## WHAT IS EXPECTED:
Transcribe the stretch of entries below from the line with "就诊记录管理;在就诊记录管理" through the line with "Asuinrakennuksen olohuoneessa on", exactly and with both ends included; leave out all other lines.

## MATERIAL PROVIDED:
- - - - - - -
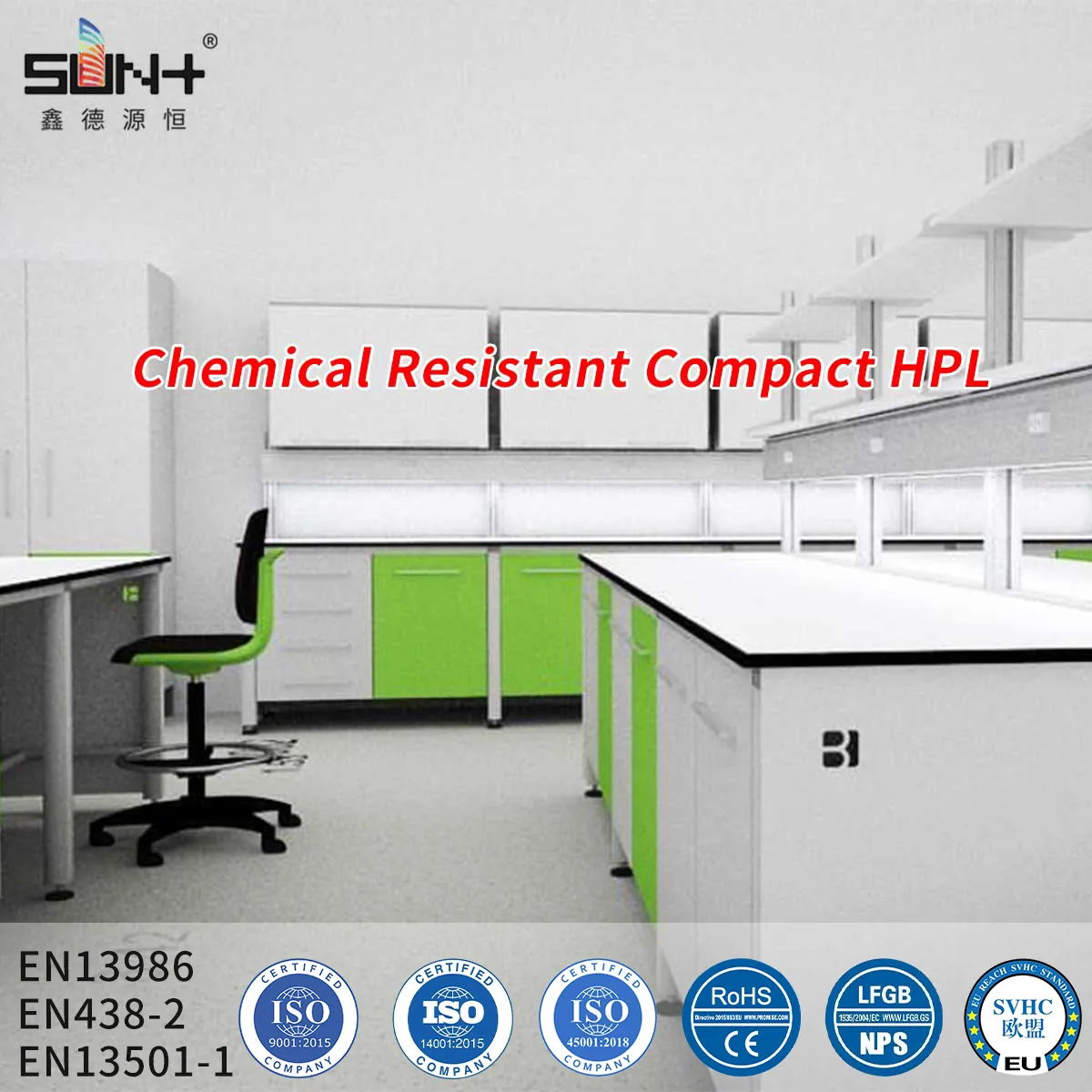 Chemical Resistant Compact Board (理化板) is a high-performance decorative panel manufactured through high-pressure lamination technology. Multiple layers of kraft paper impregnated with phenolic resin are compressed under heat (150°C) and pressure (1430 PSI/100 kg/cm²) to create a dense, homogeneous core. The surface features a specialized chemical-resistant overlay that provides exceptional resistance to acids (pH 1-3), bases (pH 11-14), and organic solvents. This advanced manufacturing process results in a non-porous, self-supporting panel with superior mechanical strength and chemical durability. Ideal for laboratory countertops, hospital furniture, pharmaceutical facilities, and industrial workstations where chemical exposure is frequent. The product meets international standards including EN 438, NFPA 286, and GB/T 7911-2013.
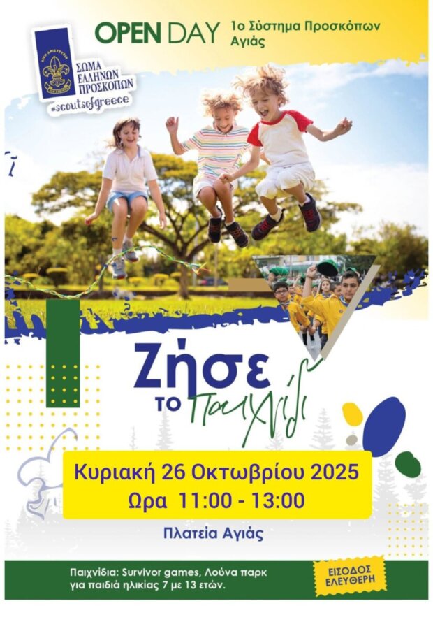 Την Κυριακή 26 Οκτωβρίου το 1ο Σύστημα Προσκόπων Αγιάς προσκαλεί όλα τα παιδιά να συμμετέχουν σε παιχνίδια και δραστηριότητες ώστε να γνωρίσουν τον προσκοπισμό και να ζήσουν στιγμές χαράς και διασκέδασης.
- - - - - - -
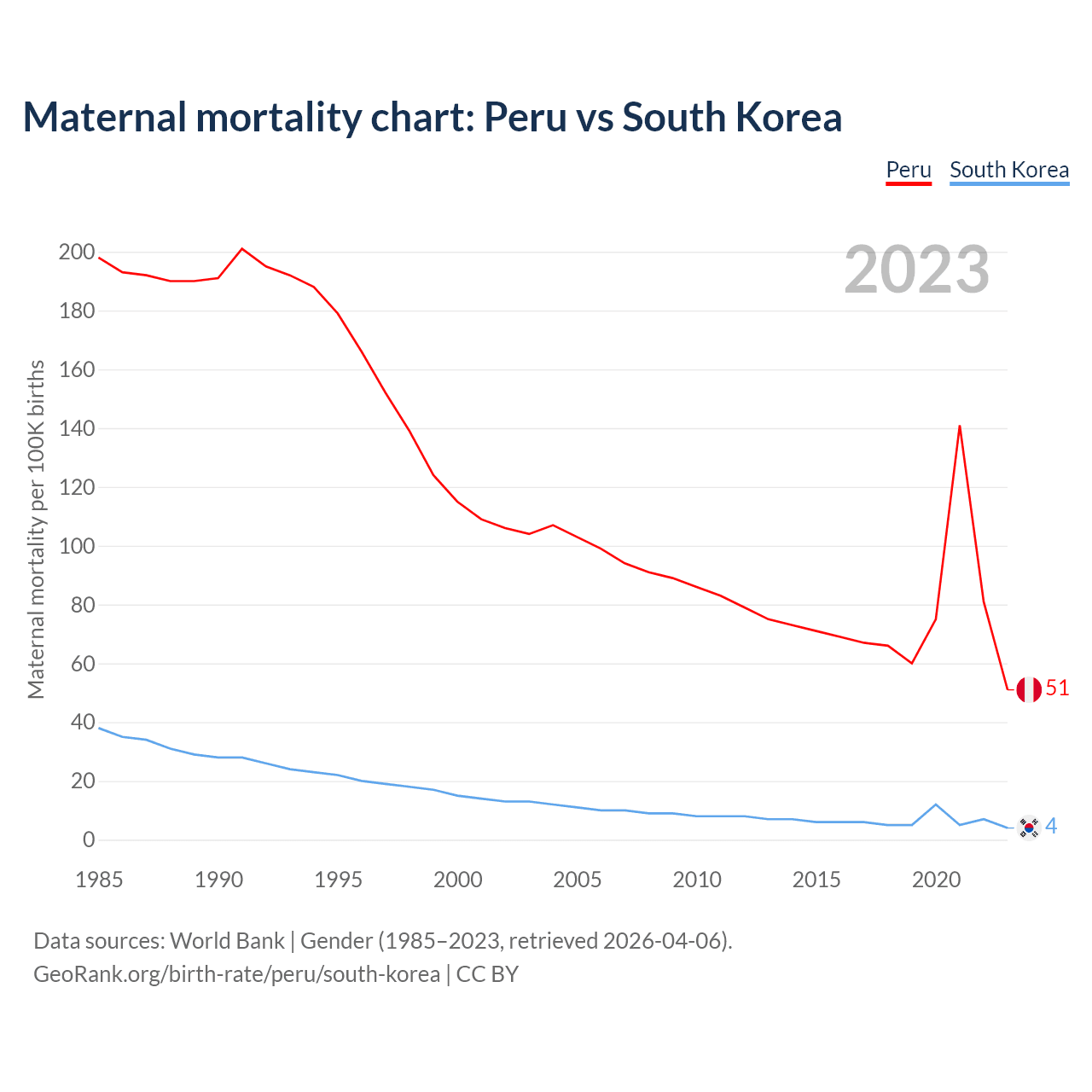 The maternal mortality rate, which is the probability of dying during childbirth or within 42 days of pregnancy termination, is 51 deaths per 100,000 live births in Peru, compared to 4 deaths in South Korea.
- - - - - - -
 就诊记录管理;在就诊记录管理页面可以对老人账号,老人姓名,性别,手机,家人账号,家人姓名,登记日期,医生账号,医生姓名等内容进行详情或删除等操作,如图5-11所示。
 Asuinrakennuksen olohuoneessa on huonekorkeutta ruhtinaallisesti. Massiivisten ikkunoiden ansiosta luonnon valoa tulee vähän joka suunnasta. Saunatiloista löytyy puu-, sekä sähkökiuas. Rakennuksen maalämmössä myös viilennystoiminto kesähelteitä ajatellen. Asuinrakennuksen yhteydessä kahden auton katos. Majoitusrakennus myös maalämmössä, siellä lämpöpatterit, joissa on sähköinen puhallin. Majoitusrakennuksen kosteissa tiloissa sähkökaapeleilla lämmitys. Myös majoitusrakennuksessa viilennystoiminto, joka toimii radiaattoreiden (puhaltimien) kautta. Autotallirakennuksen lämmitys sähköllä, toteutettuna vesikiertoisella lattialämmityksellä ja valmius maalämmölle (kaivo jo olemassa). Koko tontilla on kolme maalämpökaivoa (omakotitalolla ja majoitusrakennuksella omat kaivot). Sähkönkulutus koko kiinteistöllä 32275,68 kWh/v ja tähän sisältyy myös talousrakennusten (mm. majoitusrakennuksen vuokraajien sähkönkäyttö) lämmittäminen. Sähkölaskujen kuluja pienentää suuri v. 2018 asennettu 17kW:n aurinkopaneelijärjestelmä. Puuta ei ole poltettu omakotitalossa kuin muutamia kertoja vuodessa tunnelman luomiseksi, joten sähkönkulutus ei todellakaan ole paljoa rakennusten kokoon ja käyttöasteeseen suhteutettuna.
- - - - - - -
## OUTPUT OF THE EXERCISE:
 就诊记录管理;在就诊记录管理页面可以对老人账号,老人姓名,性别,手机,家人账号,家人姓名,登记日期,医生账号,医生姓名等内容进行详情或删除等操作,如图5-11所示。
 Asuinrakennuksen olohuoneessa on huonekorkeutta ruhtinaallisesti. Massiivisten ikkunoiden ansiosta luonnon valoa tulee vähän joka suunnasta. Saunatiloista löytyy puu-, sekä sähkökiuas. Rakennuksen maalämmössä myös viilennystoiminto kesähelteitä ajatellen. Asuinrakennuksen yhteydessä kahden auton katos. Majoitusrakennus myös maalämmössä, siellä lämpöpatterit, joissa on sähköinen puhallin. Majoitusrakennuksen kosteissa tiloissa sähkökaapeleilla lämmitys. Myös majoitusrakennuksessa viilennystoiminto, joka toimii radiaattoreiden (puhaltimien) kautta. Autotallirakennuksen lämmitys sähköllä, toteutettuna vesikiertoisella lattialämmityksellä ja valmius maalämmölle (kaivo jo olemassa). Koko tontilla on kolme maalämpökaivoa (omakotitalolla ja majoitusrakennuksella omat kaivot). Sähkönkulutus koko kiinteistöllä 32275,68 kWh/v ja tähän sisältyy myös talousrakennusten (mm. majoitusrakennuksen vuokraajien sähkönkäyttö) lämmittäminen. Sähkölaskujen kuluja pienentää suuri v. 2018 asennettu 17kW:n aurinkopaneelijärjestelmä. Puuta ei ole poltettu omakotitalossa kuin muutamia kertoja vuodessa tunnelman luomiseksi, joten sähkönkulutus ei todellakaan ole paljoa rakennusten kokoon ja käyttöasteeseen suhteutettuna.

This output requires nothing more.